Model interpretability: Gaining insights beyond accuracy
One in all the best strengths of tree-based models is their transparency. Feature importance evaluation helps engineers understand which variables drive predictions. To take this a step further, you possibly can run “random feature” experiments to determine a baseline for importance.
The concept is to inject random noise features into your dataset before training. Whenever you later compute feature importances using a tool like SHAP (SHapley Additive exPlanations), any of your real features which are no more vital than the random noise may be safely disregarded. This method provides a sturdy strategy to filter out uninformative features.
# Generate random noise features
X_noise = np.random.randn(n_samples, n_noise)
# Mix informative and noise features
X = np.column_stack([X, X_noise])
This type of interpretability is invaluable for validating model decisions and uncovering recent insights for continuous process improvement.

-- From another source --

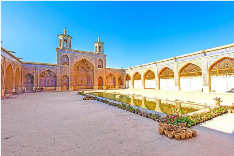
Mosquée Nasir-al Molk à Shiraz Photo 11/12

La mosquée Nasir-al Molk et ses somptueux vitraux multicolores est un des nombreux trésors architecturaux dont regorge Shiraz, berceau de la culture persane et capitale culturelle et artistique de l'Iran.

Start with tree-based model training
Tree-based models, especially when accelerated by GPU-optimized libraries like cuML, offer a perfect balance of accuracy, speed, and interpretability for manufacturing and operations data science. By fastidiously choosing the suitable model and leveraging the newest inference optimizations, engineering teams can rapidly iterate and deploy high-performing solutions on the factory floor.
Learn more about cuML and scaling up XGBoost. In case you’re recent to accelerated data science, take a look at the hands-on workshops, Speed up Data Science Workflows with Zero Code Changes and Accelerating End-to-End Data Science Workflows.